Sharyn Lincoln, a clinical genetic counselor in Boston Children’s Hospital’s Division of Genetics and Genomics and coordinator of the hospital’s Fragile X Program, says situations where a family’s diagnosis changes, or is taken away, can be challenging.
“For families that have been heavily involved in a particular community, and have made that their other family, it can be difficult to say, ‘I don’t fit into that anymore.'” But for some families, she adds, it can actually be good because they recognized that their symptoms or experiences didn’t quite fit with everybody else’s.
“There’s still that sense of loss, because you may feel you’ve lost that community,” she continues, adding that some families may even go through a grieving process. “But at the same time you may fit better with a different community.”

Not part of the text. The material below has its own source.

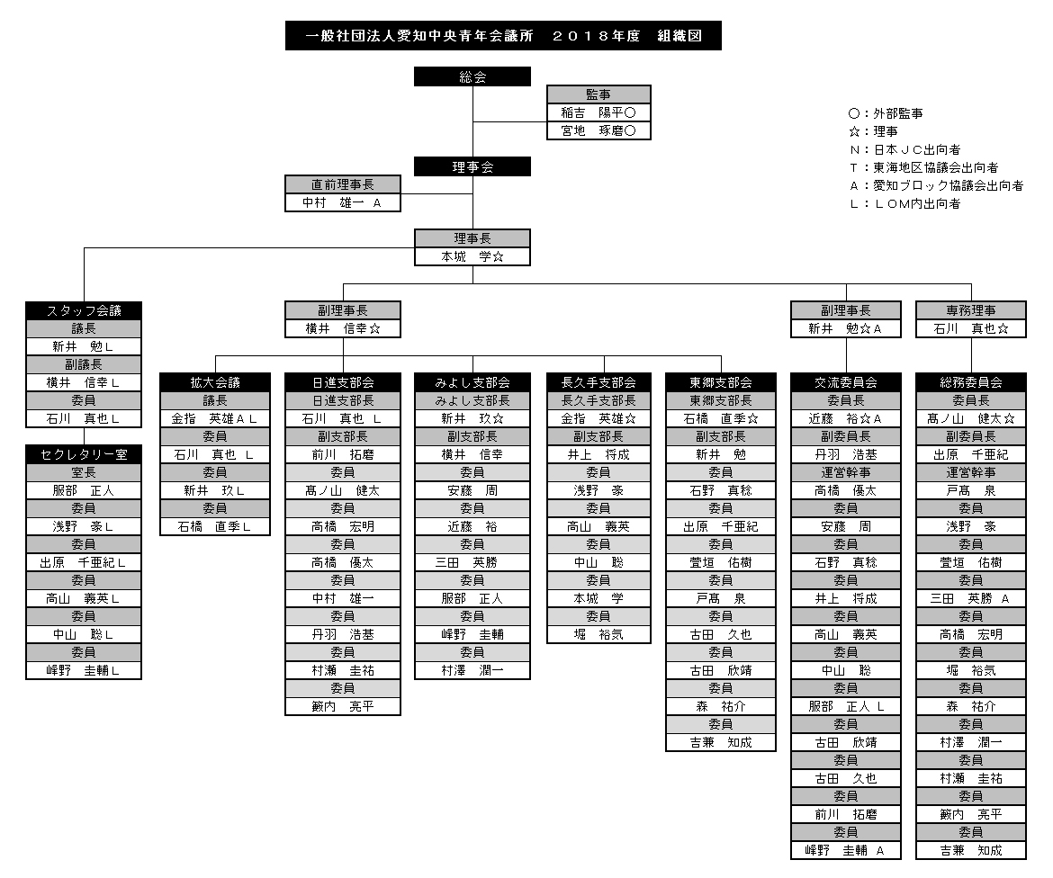 メンバー一人ひとりが愛知中央青年会議所に入会をした動機は様々だと思います。しかし、貴重な時間とお金を使ってJC運動を行うことを選択した思いは同じです。同じ志を持ったメンバーが英知と勇気と情熱を集結させることが、大きな運動につながり、組織力を高めていきます。こうして高まった組織としての求心力を外へと発信することで、活動エリアへと還元しながらより多くの人材を確保していく。今後につながる組織の好循環を醸成していきます。2018年度は愛知中央青年会議所にとって変革の一年であり、この変革が愛知中央青年会議所の輝かしい百年先(みらい)へと繋がっていくことを確信し、邁進してまいります。

It depends in part, she adds, on how much that diagnosis changes. Families who lose a diagnosis of one bone marrow failure syndrome in favor of another, for instance, can at least identify with the same overall category.
But if a family’s diagnosis is taken away without an alternative, the family can be left adrift without a community. “That causes the most angst and frustration,” Lincoln says.
In such cases, though, counselors and doctors can steer families to support groups, including ones for the undiagnosed like Syndromes Without A Name.
“There are more groups out there now for the rare disease patients, the ones going through the diagnostic odyssey, than ever before,” Lincoln says. “Even among the larger organizations, that might be more general, it doesn’t hurt to get involved because the more patients they have with a particular diagnosis, the more information they can provide to families or clinicians who have patients with that diagnosis.”
Lincoln says one of the most wonderful things she sees is when a family with a rare diagnosis or a changed diagnosis helps bring others together into a new community. “They’re not only helping themselves find that community, but they’re helping others find it also. Families from all over get a lot of benefit when that happens.”